The new and existing lines will provide three electrical circuits rather than one, leading to fewer outages and creating a backup power loop. A similar project that state-owned Santee Cooper started building on Johns Island in June required about 10 years of planning, including delicate negotiations with irate landowners.

Central Electric estimated that McClellanville, on average, has lost power for about 11 hours each year since 2020, or 38 times longer than all other parts of South Carolina served by the cooperative system. The group also projected demand from the area's existing "delivery point" is on track to grow 22 percent.

Central Electric CEO Rob Hochstetler said McClellanville's residents and small businesses experience "by far the least reliable electric service in the state."
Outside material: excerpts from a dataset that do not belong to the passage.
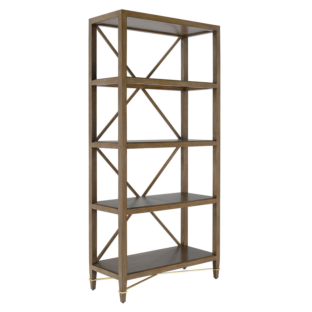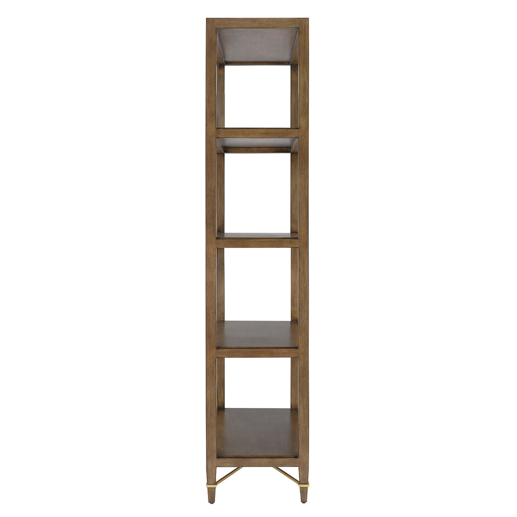 Made of mahogany in a woodland-inspired chanterelle finish, the Currey & Company Verona Chanterelle Étagère is warmly handsome with its metal detailing in a champagne finish. The stretchers on this brown étagère bring it its flair.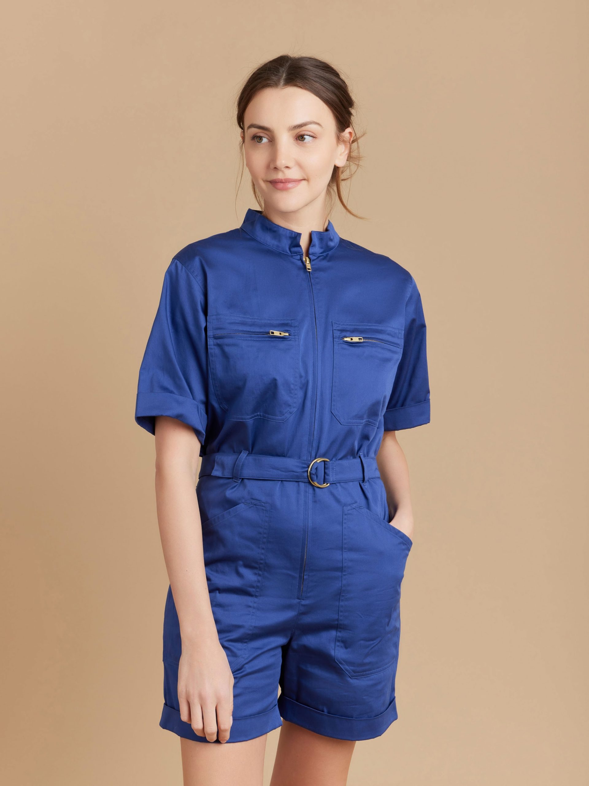 Agnesb Women’s Blue Cotton Satin Short Jumpsuit | Royal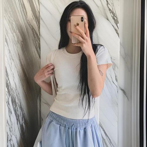 여자 크롭 피치기모 심플 베이직 반팔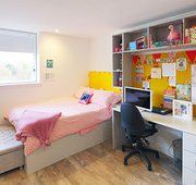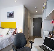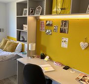 This cleverly designed study bedroom (12.9 m2-13.6 m2) sits within a shared apartment of either 6,7 or 8 bedrooms. Private study area Small double bed with under-bed storage En-suite shower room Large, modern communal kitchen equipped with a flat-screen TV, your own storage, and fridge space.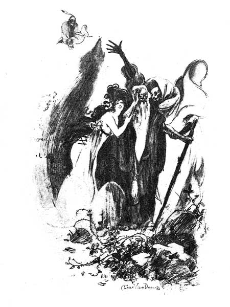 It is a death's-head with a crown of roses. It rises above the torso of a woman white as mother-of-pearl. Beneath, a winding-sheet, starred with points of gold, makes a kind of train;—and the entire body undulates, like a gigantic worm holding itself erect.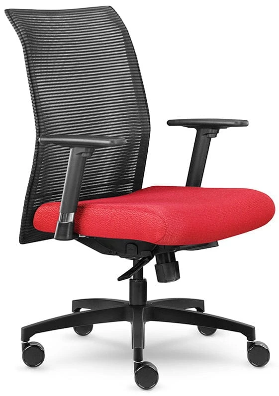 Other features include a foam padded seat cushion upholstered in your choice of fabric or vinyl, pneumatic seat height adjustment, 360-degree swivel, back height adjustment, tilt with tilt lock, tilt tension adjustment, adjustable height T-shape task arms, and a high profile polished aluminum base with dual wheel carpet casters standard. Additional caster options are available for a minimal charge. This mesh back ZIP chair has a weight capacity of 350 lbs. and meets or exceeds ANSI/BIFMA standards.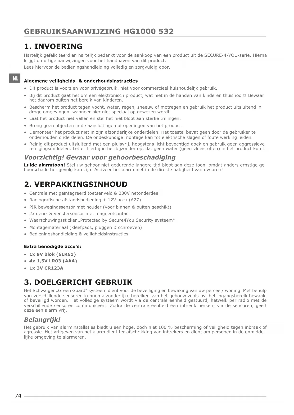 Het Schwaiger „Green Guard“ systeem dient voor de beveiliging en bewaking van uw perceel/ woning. Met behulp van verschillende sensoren kunnen afzonderlijke bereiken van het gebouw zoals bv. het ingangsbereik bewaakt of beveiligd worden. Het volledige systeem wordt via de centrale eenheid gestuurd, hetwelk per radio met de verschillende sensoren communiceert. Zodra de centrale eenheid een inbreuk herkent via de sensoren, geeft deze een alarm vrij. Belangrijk! Het gebruik van alarminstallaties biedt u een hoge, doch niet 100 % bescherming of veiligheid tegen inbraak of agressie. Het vrijgeven van het alarm dient ter afschrikking van inbrekers en dient om personen in de onmiddel- lijke omgeving te alarmeren.75 GEBRUIKSAANWIJZING HG1000 532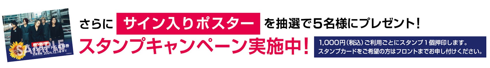 コラボドリンクご注文でお渡しするスタンプカードに、カラオケご利用金額 1,000 円(税込)ごとにもらえるスタンプを5つ集めて応募すると、メンバーのサイン入りポスターが抽選で5名様に当たる、スタンプキャンペーンも実施します!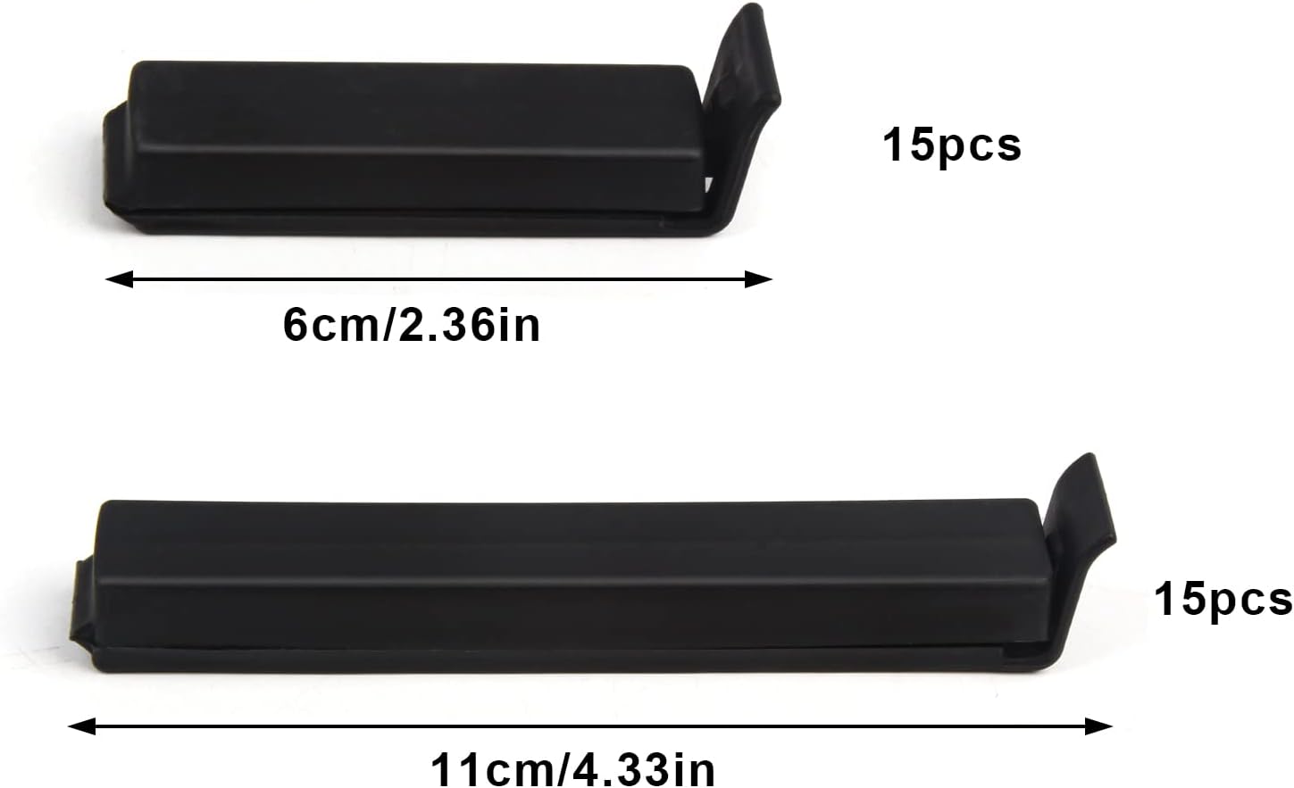 - 【Value Pack】- 30 pack durable black bag sealing clips with 2 sizes (2.4" x 15, 4.34" x 15). Suitable for sealing bags of different sizes, Make your storage easier.

"They deal with flickering lights and frequent, lengthy power outages — the kind of problems most consumers haven’t faced in several decades," he said in a written statement last week. "Central and Berkeley Electric Cooperative have worked for 25 years to address this problem, and, finally, we have the federal government’s approval for a plan to fix it."

He added that the painstaking process yielded "a solution that is proven to have the least impact on the environment and local communities. Through multiple rounds of ... engagement and plan revisions, we explored every possible route and exhausted every available option."

The new line is expected to take about three years to complete, once construction begins.

Leland, closing in on his 50th year as mayor of McClellanville, which dates to 1685, has learned to take the long view.

"We've always been optimistic," he said.